Facebook has approached academics and policy experts about forming a committee to advise it on global election-related matters, five people with knowledge of the discussions said, a move that would allow the social network to shift some of its political decision-making to a advisory body.
The proposed committee could decide on issues such as the viability of political advertisements and what to do about election-related misinformation, the people said, speaking on condition of anonymity because the discussions were confidential. Facebook is expected to announce the committee this fall in preparation for the 2022 midterm elections, they said, though the effort is tentative and could still fall apart.
Outsourcing election matters to a panel of experts could help Facebook evade criticism of political group bias, two of the people said. The company has been criticized in recent years by conservatives, who accused Facebook of suppressing their vote, as well as by civil rights groups and Democrats for allowing political misinformation to fester and spread online. Facebook CEO Mark Zuckerberg doesn’t want to be seen as the sole decision maker about political content, two people said.
Facebook declined to comment.
If an election commission is formed, it would mimic the move Facebook took in 2018 when it created the so-called Oversight Board, a collection of journalistic, legal and policy experts who assess whether the company was right to remove certain posts from its platforms. Facebook has pushed a number of substantive decisions to the Oversight Board for review, allowing it to demonstrate that it doesn’t make decisions alone.
Facebook, which has positioned the Oversight Board as independent, appointed and paid the people on the panel through a trust.
The Oversight Board’s most notable decision was its review of Facebook’s suspension of former President Donald J. Trump after the storming of the US Capitol on January 6. At the time, Facebook chose to indefinitely ban Mr Trump’s account, a punishment the Board of Trustees later deemed “inappropriate” because the time frame was not based on the company’s rules. The board asked Facebook to try again.
In June, Facebook responded by saying it would ban Mr Trump from the platform for at least two years. The Oversight Board has separately weighed in on more than a dozen other content issues it calls “highly emblematic” of broader themes that Facebook regularly grapples with, including whether certain Covid-related posts should stay on the network and hate speech issues in Myanmar.
A spokesperson for the Supervisory Board declined to comment.
Facebook has a spotty track record on election-related issues, dating back to Russia’s manipulation of the platform’s ads and posts during the 2016 presidential election.
Lawmakers and buyers of political ads also criticized Facebook for changing its rules on political ads ahead of the 2020 presidential election. Last year, the company said it would ban the purchase of new political ads the week before the election, and later decided to ban all political ads. Temporarily ban US political ads after polls closed on election day, sparking an outcry among candidates and advertising agencies.
The company struggles to deal with lies and hate speech surrounding elections. During his last year in office, Mr. Trump used Facebook to suggest he would use state violence against protesters in Minneapolis ahead of the 2020 election, while sowing doubts about the electoral process when the votes were counted in November. Facebook initially said that what political leaders posted was newsworthy and should not be touched, before it later changed course.

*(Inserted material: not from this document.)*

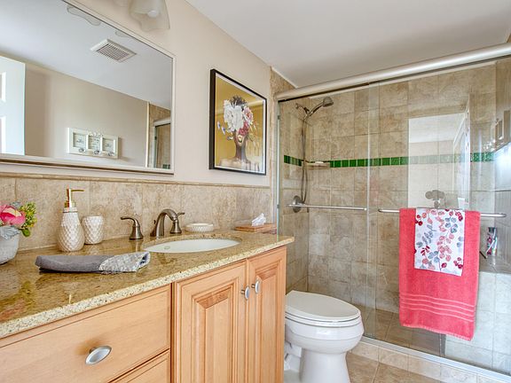Renovated 2/2 with tropical views off screened balcony. This pristine unit exposes a warm ambiance & natural light with kitchen wall down, beautiful cabinets with pull out drawers, washer & dryer, walk in closet, tile throughout & this unit is coming turnkey. Community pool out your front door & extra storage available. Experience the peace & security of manned guard gates & 24-hour security patrols all located on lush, tropical grounds. You are minutes away from the Fla. Turnpike, I95, Polo grounds, Kravitz Center, restaurants, entertainment, hospitals, places of worship and the beach. Unit is priced to sell.

The social network has also encountered issues in elections elsewhere, including the spread of targeted misinformation through its WhatsApp messaging service during the 2018 Brazilian presidential election. In 2019, Facebook removed hundreds of deceptive pages and accounts associated with political parties in India ahead of the country’s national elections.
Facebook has tried several methods to deal with the criticism. It has set up a library of political ads to increase transparency around buyers of those promotions. It has also set up war rooms to monitor the elections for disinformation to prevent interference.

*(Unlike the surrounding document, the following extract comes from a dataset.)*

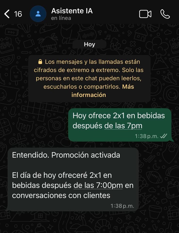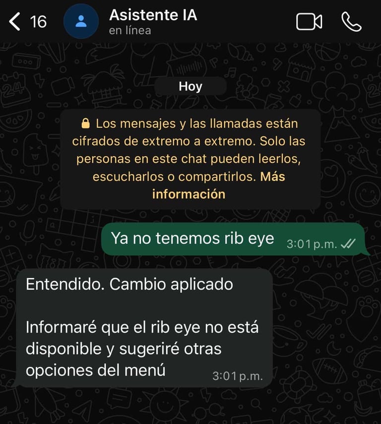El sistema entiende el cambio y lo aplica inmediatamente al hablar con los clientes.⏱️✔️

In the coming year, there will be several elections in countries such as Hungary, Germany, Brazil and the Philippines where Facebook’s performance will be scrutinized. Disinformation about voter fraud has already started to spread in the run-up to the German elections in September. In the Philippines, Facebook has removed networks of fake accounts that support President Rodrigo Duterte, who used the social network in 2016 to gain power.
“There is already a perception that Facebook, an American social media company, is going in through its platform and tilting other countries’ elections,” said Nathaniel Persily, a law professor at Stanford University. “All the decisions Facebook makes have global implications.”
Internal discussions about an election commission date from at least a few months ago, according to three people with expertise.
An election commission would differ from the board of trustees in one important way, the people said. While the Oversight Board waits for Facebook to delete a post or account and then reviews that action, the Election Commission would proactively provide advice without the company calling before, they said.
Tatenda Musapatike, who previously worked on elections at Facebook and now runs a voter registration nonprofit, said many have lost faith in the company’s ability to work with political campaigns. But the election commission’s proposal was “a good step,” she said, because “they’re doing something and they’re not saying we can handle it alone.”